The first game in the series in the 1993 season, in Rich Stadium, saw an incident where Miami linebacker Bryan Cox gestured at Bills fans, having previously said that he would "retire from football if I am ever traded up there." Multiple Dolphins players later said the spectators responded in a similar fashion towards them. After a 22–13 Dolphins victory over the Bills, sportswriter Bill Plaschke called the game "a considerable step toward making their rivalry the ugliest in the league". The teams met twice more in the playoffs during the 1990s. On December 30, 1995, Buffalo broke the league record for rushing yards in a game with 341, winning 37–22. This was Dolphins head coach Don Shula's last game in the NFL. Three seasons later, the teams met at Pro Player Stadium on January 2, 1999 for their fourth playoff game of the decade, which the Dolphins won 24–17. In regular season games during the decade, the Bills held a 10–8 won–loss advantage.
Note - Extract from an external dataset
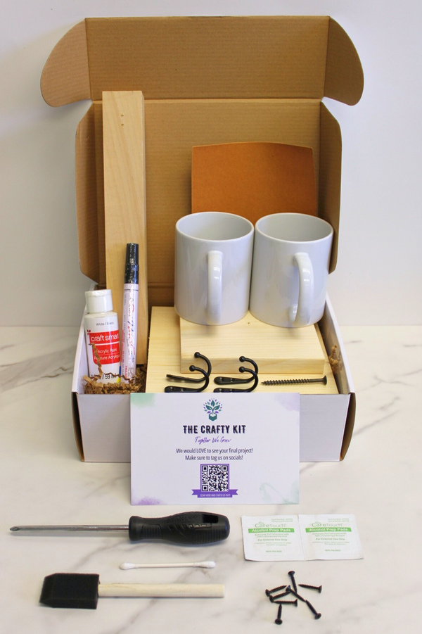 Kit Includes: precut wood pieces, sandpaper, white paint, a foam brush, mugs, a Q-Tip, hooks & screws, a deck screw, an oil-based Sharpie, a screwdriver, and an alcohol pad. Shipping is included with the kit, and virtual instruction is provided to guide your team through the creative process.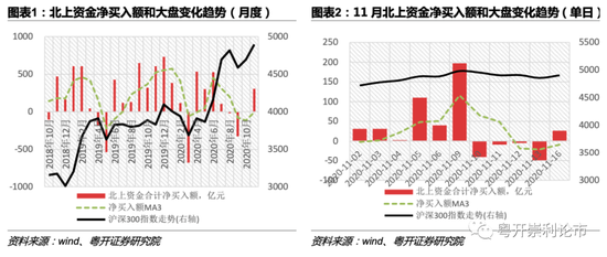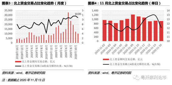 上周(11/9-11/13)在疫苗研发的利好消息提振下,市场风险偏好显著回升。上周北上资金净买入92亿元,前一周(11/2-11/6)净买入214亿元,截至2020年11月13日,本月北上资金净流入306亿元。

In 2006, Buffalo's home game against the Dolphins did not sell out, leading the Niagara Gazette's Pat Murray to write that the rivalry had declined. On the NFL's website, Nick Bakay attributed this to the reduced success of the Bills and Dolphins in the time period. Each team won half of the 20 games in the series during the 2000s. In 2008, the Bills hosted Miami at the Rogers Centre in Toronto, Canada; it was the first time the country had been the site of a regular season NFL game. Miami won the contest 16–3. The teams split their two contests in 2010, while the Dolphins won both of their 2011 matchups. The most recent game between the teams was a 22–9 Dolphins victory in Miami on November 13, 2014.
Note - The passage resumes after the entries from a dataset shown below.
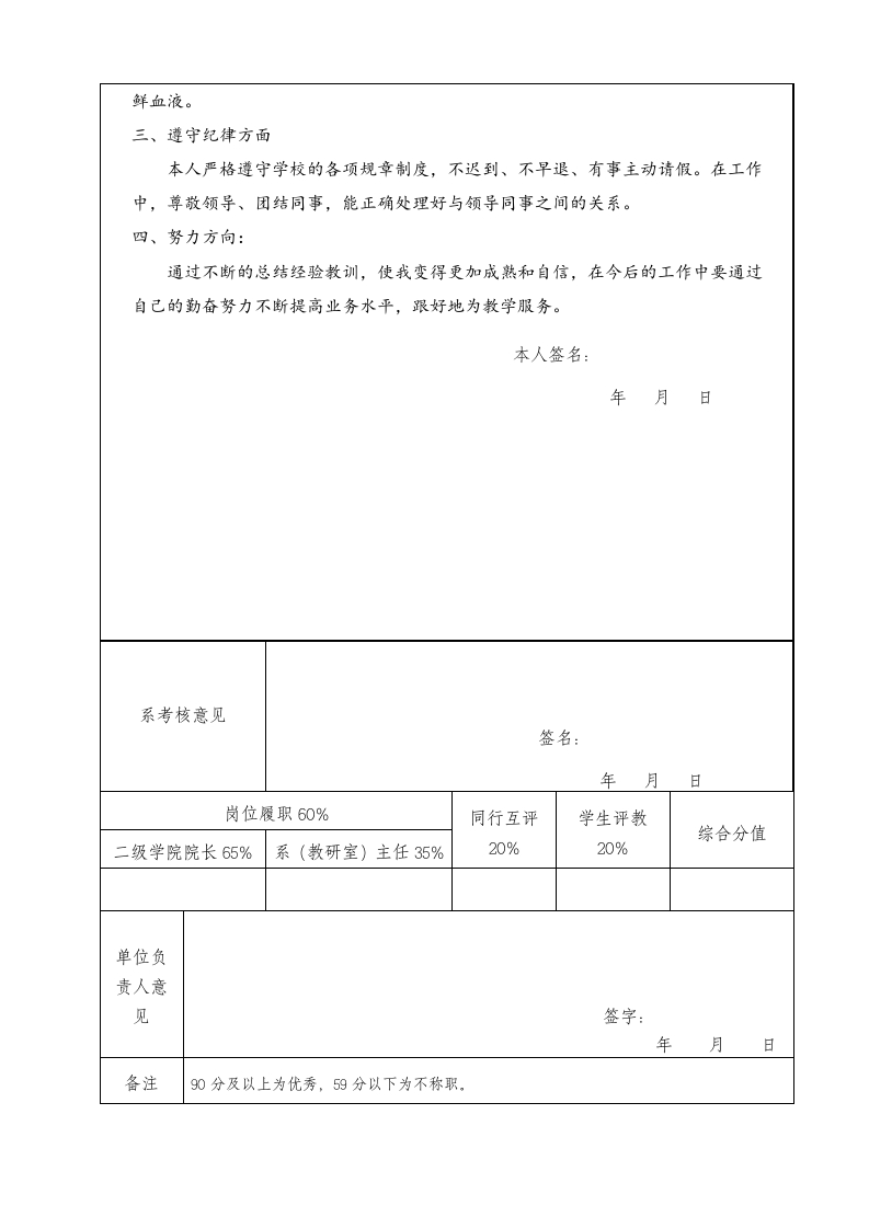 教师年度考核表xiaozhi33164个月前更新关注私信38KB2页03212 以下为资料部分截图预览,下载后为超高清原文件。 第1页 / 共2页 第2页 / 共2页 已完成全部阅读,共2页 加入VIP,享海量教务资料,无限制免费下载所有材料 © 版权声明文章版权归作者所有,未经允许请勿转载。THE END校本研修 喜欢就支持一下吧点赞12 分享QQ空间微博QQ好友海报分享复制链接收藏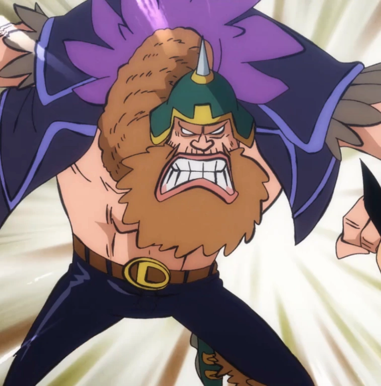 В своей дебютной сцене в аниме, его дизайн больше напоминает его дизайн в манге. Однако в сцене боя с Луффи его дизайн несколько изменился, например, его шлем имеет только один шип наверху и у него отсутствуют наплечники.[1]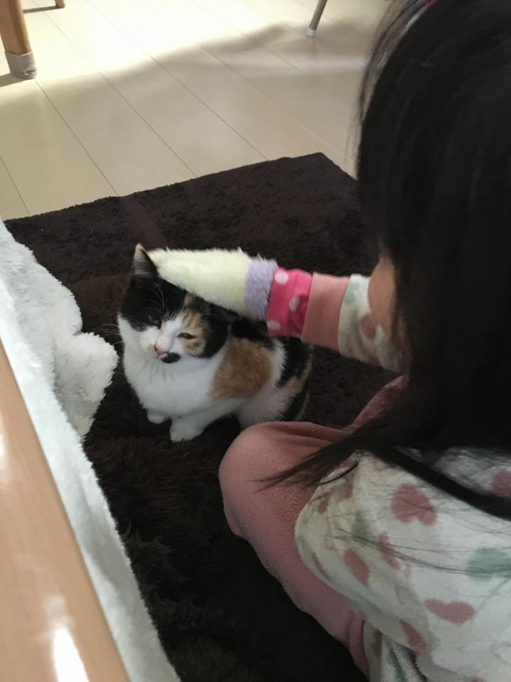 娘が手袋して撫でてるのは、引っかかれるとかではなくルナが怖がらないようにとのこと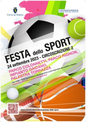 La Festa dello Sport cittadina si svolgerā in data 24 settembre presso il Parco Colonnetti, il Parco Rignon, l'impianto sportivo Gaidano (Via Modigliani 25) e la Palestra Torrazza (Via Torrazza 19).

Iorfida wrote in 2008 that the Bills and Dolphins had "one of the stranger rivalries in sports" due to the differences between Buffalo and Miami. In 1980, The Miami News' Joe Crittenden referred to "the contrast between the two cities – Miami, the resort center in the subtropics and Buffalo, the snowfall capital of the east". He wrote that, when the Dolphins were building their 20-game winning streak in the 1970s, the differences contributed to the "intensity" of the rivalry. The CBC also noted the long distance between the teams' cities as an oddity. Despite this distance, they are both members of the AFC East, and have played at least two games per year since the Dolphins first joined the AFL. Games between the Bills and Dolphins were often significant in the league standings during the 1980s and 1990s, and Monday Night Football had nine games from the rivalry during the period.
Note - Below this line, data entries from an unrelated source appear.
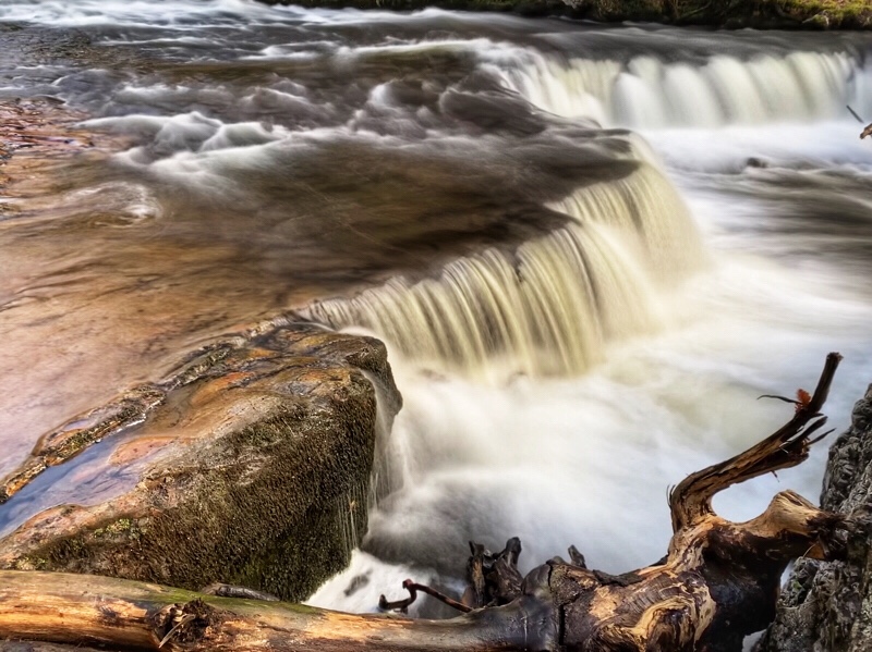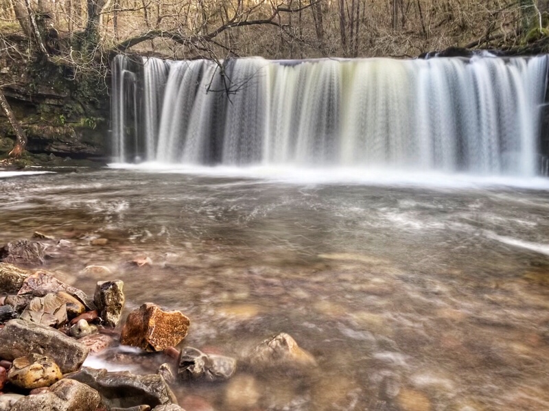 It’s been raining a lot around here so far this December, and there’s a lot of water around. But Aunty spotted a break in the clouds and smelt the sun and so we escaped the Christmas build up and headed for the hills. Water plays a central part in many Welsh tales, many tinged with tragedy and touched by love lost. These tales can be linked to unexpected places, no more so than in South Wales near the heartlands of the old industrial and mining country. Gwladus was one of the many daughters of the 5th King Brycheinog. Gwladus fell in love with Einion, but because of his less than aristocratic station in society, Brycheiniog would not allow the two to marry. Distraught that her love was denied Gwladus threw herself into the river and drowned. A water fall then appeared at the site of the tragedy. Aunty and I have been here before but after all the rain this past week Afon Pyrddin was in full spate and Sgwd Gwladus was much more spectacular than the last time we were here.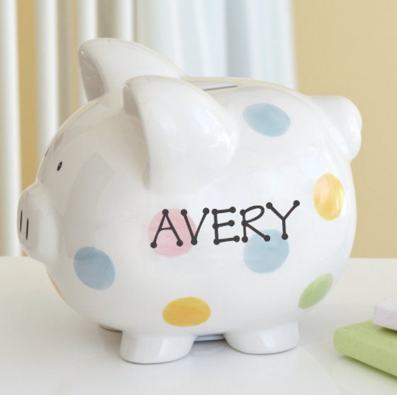 Personalized Ceramic Polka Dot Piggy Bank, Christmas Birthday Gift For Baby Kids, Girls, Boys, Nursery Decor, Custom Name, Large Size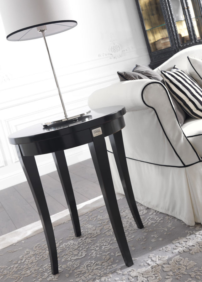 Side table with structure in beech wood. Black lacquered finishing.

The Bills–Dolphins rivalry has been called the most significant for Buffalo; Bakay, a Bills fan from the city, called Miami the Bills' "most hated divisional rival". In addition to their rivalry with the Bills, the Dolphins share one with the New York Jets, who "might be the most bitter foe for Miami", according to the CBC. Dolphins player Oliver offered a different assessment in 1993, saying "It's the biggest rivalry we have, us and Buffalo." In addition, both teams share rivalries with the New England Patriots.